While all of us in higher education are fully focused on the present needs of those we serve (students, faculty, others), we must also acknowledge that universities will likely persist as key institutions in society for many decades in the future. In that sense, a look ahead at population trends is relevant to advance planning.
One of the surprising forecasts (to many) is that the total youth (15-19 years of age) population is plateauing over time, with a likelihood of decline in the coming decades. This follows the reduction in fertility rates reflecting modernization, female labor force participation, and widespread contraceptive use. For example, the forecast from the University of Washington Institute for Health Metrics and Evaluation for global population of such youth is notable.
The chart below is a presentation of estimates of global population of 15-19 year old’s. The light blue fan-shaped pattern for out-years reflects the uncertainty of the forecast (like that common to hurricane forecasts), dependent on estimates of fertility rates, cross-border migration, mortality rates, government policies, etc. The important point is that there is some consensus in the estimates for a decline in the population, starting between 2030-2040.

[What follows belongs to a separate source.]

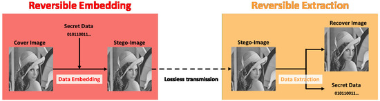 Data hiding is an available technique to deal with secure communication so that the secure data is imperceptibly embedded without drawing attention [2]. The multimedia is used as a cover carrier to hide secret data which will be transmitted in the internet. Reversible data hiding (RDH) not only guarantees the safe transmission of data content but also recovers the hidden data as well as the cover images [3,4]. However, most of these RDH algorithms bring permanent distortions to the original carrier during the embedding process, and these distortions are unacceptable in certain applications [5]. In order to achieve information hiding and distortion-free recovery of the original carrier, distortion-free reversible data hiding is considered [4]. This technique enables the receiver to both extract the embedded data correctly and acquire the original carrier without distortion. Generally, RDH is a fragile hiding technology, which is different from digital watermarking. When implementing the RDH mothod, the distortion that occurs during the transmission of the carrier should be avoided. According to the embedding method, the existing image RDH algorithm can be divided into spatial domain, transform domain, and encryption domain RDH scheme [6]. In this paper, we focus on RDH of spatial domain. Its embedding and extraction frameworks are shown in Figure 1. In the embedding side, the sender embeds secret data into the cover image by a reversible embedding algorithm. In the extraction side, the receiver extracts the secret data embedded in the stego-image by a reversible extraction algorithm and achieves distortion-free recovery image exactly the same as the original image. The performance of RDH algorithm depends on two conflicting factors as trade-offs: the embedding distortion between the cover image and the stego-image and the embedding capacity (EC). For the former factor, PSNR (peak-to-noise-ratio) is widely used (refer to [7] for more discussion). A higher PSNR value means that the stego-image is more similar to the original one. For the latter factor, EC stands for the number of bits which can be embedded into the cover image. Therefore, we favor an RDH algorithm which brings higher EC and lower PSNR, while a trade-off of them is usually considered to fit specific applications [6].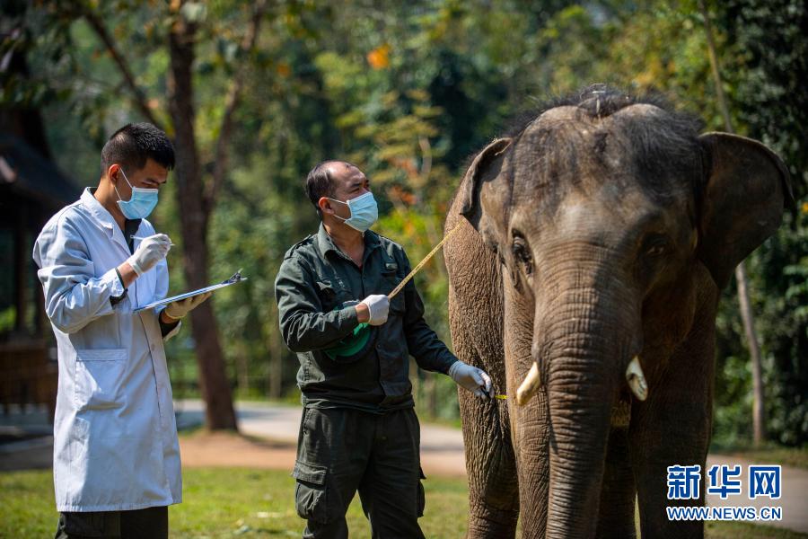 “象爸爸”為一頭名叫“小強(qiáng)”的大象測(cè)量胸圍(3月6日攝)。新華社記者 江文耀 攝

That’s the forecast globally, but US universities are most directly affected by our own in-country population. What are the equivalent forecasts for the United States population? The chart below provides that forecast. There is a well-established agreement of a dip in the coming few decades, followed by a little jump. In short, however, there is a similar form, albeit a shallower decline than the global forecasts. Again, the forecasts have larger ranges of uncertainty as time proceeds. But the US figures suggests a drop in this decade followed by a small jump up around 2040, followed by a slow decline. How these number translate into enrollments in higher education, of course, is complicated by all of the drivers of whether young people seek to enroll in college (e.g., parental guidance, costs relative to income, cultural supports for the value of higher education).
The US has a disproportionate share of the world’s higher education universities, and some of them are the strongest in the world. Because of that, many US universities have welcomed students from other countries to their student bodies. Two large countries, China and India, have formed a major part of this student population coming to the US for their education. Indeed, for decades the United States has enjoyed great benefits of the strong students from these countries who, upon graduation, stay to enrich our society and economy with their talents. But the demographics of these two countries are changing also.
These graphs show expectation that both China and India will experience declines in the youths 15-19 years old in the 2030-2040 time period. At the same time, both countries are investing in developing their own strong higher education sectors. It is logical to expect declines in students from these countries over this period.
If there is an area of the world that appears to have different trends, it is Sub-Saharan Africa. There the forecasts suggests growth in the youth population through about 2060. Following that, there is a decline, given the model assumptions. Africa’s population will remain a growing source of youth for about 20 years later than the other countries described above.
What does all this mean for universities? For the US, while declines in the youth population are forecasted, they are not as dramatic as those in other countries. The fertility rates of immigrant populations are larger than those of populations born in the US. Thus, it seems clear that youth from the populations immigrating to the US will be increasingly important to universities. Much depends on immigration.
While China and India are important sources of students in US higher education, the demographic profiles of the countries suggest that the coming decades will see declines, other things being equal. The radically different age profile of Sub-Saharan Africa suggests that it could become a more prominent source of international students for US institutions, other things being equal.
Finally, but not relevant to the graphs above, it is likely that the youth of today will live much longer lives than those of earlier generations. If the rate of technological change continues at the pace of today, they will encounter the need to retool, the learn new areas, multiple times throughout their lives. The effect of this may be a refocusing of higher education to cohorts of students older than those traditional for residential four-year universities. This might dampen effects of shrinking youth populations.
In short, the supply of young persons eligible for higher education is changing. The future rate of change is smaller in the US than in China and India. Sub-Saharan Africa will be a younger population for a longer time period than China and India. Life expectancy is growing; new populations of potential higher education entrants may emerge. It seems wise for the design of institutions of higher education to reflect these changes in supply and demand.